Shouts and heavy blows continued, but they had little to do with me, for which I was immensely grateful. My bonds made movement impossible, even if I’d had the strength to try or the fortitude to ignore the fresh indignities that had been laid over my already battered self. I was barely lucid enough to keep myself from drowning in the mud. But the proceedings were very odd. The Elhim could not be putting up such a fight as I heard. Somehow in my groggy confusion I envisioned an irritated Callia standing up in her green satin, the blood trickling down the front of it from her gaping throat, and throwing the heavy bodies into the river with a resounding splash. Or perhaps the splash was my face falling into the mud as I slipped into insensibility.


I didn’t want to open my eyes. The terror that I would see nothing but darkness was so absolute as to allow no other thought to pass through my mind.
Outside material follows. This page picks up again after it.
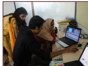
Participants of the workshop on Digital Storytelling in Classroom

These trainings helped them to improve their teaching and learning practices through interesting sessions and activities focusing ICT integration and collaborative learning approach. The educators discussed new ideas and shared experiences with other teachers and students around the world through iEARN forums. http://www.iearnpk.org/PD/Gallery_Highlights.htm

In the same way I dared not move lest I feel the damp straw, or the manacles about my wrists and ankles, or the iron walls so close about me that I could touch all four plus ceiling and floor at once. I dared not breathe lest I smell the stink of my fear and the foulness of my den of living death. Desperately I fought to stay on the far side of the boundary between sleep and waking. Better not ever to wake up. Better not to know.

“... not yet ready for visitors. But I thought you ought to see ...” The whisper came from the waking side, but learning who it was meant opening my eyes.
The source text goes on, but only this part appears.